*** Data records ***

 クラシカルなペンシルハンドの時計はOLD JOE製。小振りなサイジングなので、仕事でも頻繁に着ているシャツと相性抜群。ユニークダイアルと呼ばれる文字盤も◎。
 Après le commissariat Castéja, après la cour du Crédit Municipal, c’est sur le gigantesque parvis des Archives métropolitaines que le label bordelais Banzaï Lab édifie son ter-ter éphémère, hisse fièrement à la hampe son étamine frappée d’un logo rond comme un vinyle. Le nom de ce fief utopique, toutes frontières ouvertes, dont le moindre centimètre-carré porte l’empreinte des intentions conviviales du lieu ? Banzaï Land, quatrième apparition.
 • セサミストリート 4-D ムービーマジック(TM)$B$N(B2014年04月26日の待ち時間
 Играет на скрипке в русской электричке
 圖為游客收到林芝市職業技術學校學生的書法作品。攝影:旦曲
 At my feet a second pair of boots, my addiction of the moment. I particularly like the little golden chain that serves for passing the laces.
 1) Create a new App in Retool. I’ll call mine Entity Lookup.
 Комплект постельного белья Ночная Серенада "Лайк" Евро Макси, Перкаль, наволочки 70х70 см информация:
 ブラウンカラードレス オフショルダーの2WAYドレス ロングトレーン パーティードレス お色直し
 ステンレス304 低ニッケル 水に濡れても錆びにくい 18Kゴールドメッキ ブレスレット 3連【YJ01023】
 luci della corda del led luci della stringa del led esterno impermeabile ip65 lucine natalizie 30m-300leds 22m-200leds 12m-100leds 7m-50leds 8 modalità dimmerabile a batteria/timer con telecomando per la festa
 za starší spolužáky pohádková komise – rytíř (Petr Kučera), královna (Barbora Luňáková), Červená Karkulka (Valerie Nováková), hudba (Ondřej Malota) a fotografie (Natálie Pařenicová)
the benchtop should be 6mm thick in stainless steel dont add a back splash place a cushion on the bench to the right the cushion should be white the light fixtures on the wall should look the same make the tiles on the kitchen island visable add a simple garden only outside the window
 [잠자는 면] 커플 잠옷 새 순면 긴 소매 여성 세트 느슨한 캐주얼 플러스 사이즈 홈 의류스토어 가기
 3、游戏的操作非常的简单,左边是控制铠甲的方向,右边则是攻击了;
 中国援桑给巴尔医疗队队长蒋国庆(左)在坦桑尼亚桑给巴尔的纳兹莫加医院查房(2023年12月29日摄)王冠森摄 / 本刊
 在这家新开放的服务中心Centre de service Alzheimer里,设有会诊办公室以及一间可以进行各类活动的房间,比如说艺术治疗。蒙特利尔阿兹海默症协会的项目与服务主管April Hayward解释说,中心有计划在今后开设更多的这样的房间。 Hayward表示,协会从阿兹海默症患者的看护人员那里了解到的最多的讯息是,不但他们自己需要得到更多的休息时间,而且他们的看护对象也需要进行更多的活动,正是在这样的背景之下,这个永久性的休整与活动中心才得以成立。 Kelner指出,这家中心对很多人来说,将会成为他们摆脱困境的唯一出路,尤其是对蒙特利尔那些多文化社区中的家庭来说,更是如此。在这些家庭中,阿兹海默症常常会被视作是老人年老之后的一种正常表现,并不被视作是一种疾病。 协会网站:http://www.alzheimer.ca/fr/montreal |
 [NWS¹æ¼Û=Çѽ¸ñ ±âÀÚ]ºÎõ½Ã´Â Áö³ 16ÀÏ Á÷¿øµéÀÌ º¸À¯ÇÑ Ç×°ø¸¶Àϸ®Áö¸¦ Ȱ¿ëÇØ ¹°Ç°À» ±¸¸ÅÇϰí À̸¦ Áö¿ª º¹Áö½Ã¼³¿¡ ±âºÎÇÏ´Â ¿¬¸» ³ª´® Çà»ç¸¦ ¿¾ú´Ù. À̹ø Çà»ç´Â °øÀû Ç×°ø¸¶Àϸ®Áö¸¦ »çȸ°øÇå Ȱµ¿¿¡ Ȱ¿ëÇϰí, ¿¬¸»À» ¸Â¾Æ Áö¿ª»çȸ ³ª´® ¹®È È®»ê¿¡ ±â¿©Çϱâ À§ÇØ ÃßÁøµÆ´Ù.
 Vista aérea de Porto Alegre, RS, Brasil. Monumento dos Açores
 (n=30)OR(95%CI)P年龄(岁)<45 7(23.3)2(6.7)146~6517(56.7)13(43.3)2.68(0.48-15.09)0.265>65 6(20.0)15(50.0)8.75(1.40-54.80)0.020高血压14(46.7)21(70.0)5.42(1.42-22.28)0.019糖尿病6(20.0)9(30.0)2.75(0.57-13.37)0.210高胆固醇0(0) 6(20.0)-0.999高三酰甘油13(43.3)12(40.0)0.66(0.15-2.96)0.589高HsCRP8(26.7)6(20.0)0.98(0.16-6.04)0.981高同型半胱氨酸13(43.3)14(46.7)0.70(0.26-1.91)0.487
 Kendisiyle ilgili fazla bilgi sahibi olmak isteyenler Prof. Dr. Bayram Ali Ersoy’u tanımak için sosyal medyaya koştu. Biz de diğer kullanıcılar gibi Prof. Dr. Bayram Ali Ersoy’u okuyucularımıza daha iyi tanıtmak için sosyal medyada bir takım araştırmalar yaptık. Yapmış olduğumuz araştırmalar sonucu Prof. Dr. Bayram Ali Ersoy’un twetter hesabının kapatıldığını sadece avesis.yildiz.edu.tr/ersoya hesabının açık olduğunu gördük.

*** End of Data records ***

Your instructions | Write out exactly the lines that fall from the line with "Après le commissariat" to the line with "ステンレス304 低ニッケル 水に濡れても錆びにくい" in the records above, keeping both ends.

Exercise response |
 Après le commissariat Castéja, après la cour du Crédit Municipal, c’est sur le gigantesque parvis des Archives métropolitaines que le label bordelais Banzaï Lab édifie son ter-ter éphémère, hisse fièrement à la hampe son étamine frappée d’un logo rond comme un vinyle. Le nom de ce fief utopique, toutes frontières ouvertes, dont le moindre centimètre-carré porte l’empreinte des intentions conviviales du lieu ? Banzaï Land, quatrième apparition.
 • セサミストリート 4-D ムービーマジック(TM)$B$N(B2014年04月26日の待ち時間
 Играет на скрипке в русской электричке
 圖為游客收到林芝市職業技術學校學生的書法作品。攝影:旦曲
 At my feet a second pair of boots, my addiction of the moment. I particularly like the little golden chain that serves for passing the laces.
 1) Create a new App in Retool. I’ll call mine Entity Lookup.
 Комплект постельного белья Ночная Серенада "Лайк" Евро Макси, Перкаль, наволочки 70х70 см информация:
 ブラウンカラードレス オフショルダーの2WAYドレス ロングトレーン パーティードレス お色直し
 ステンレス304 低ニッケル 水に濡れても錆びにくい 18Kゴールドメッキ ブレスレット 3連【YJ01023】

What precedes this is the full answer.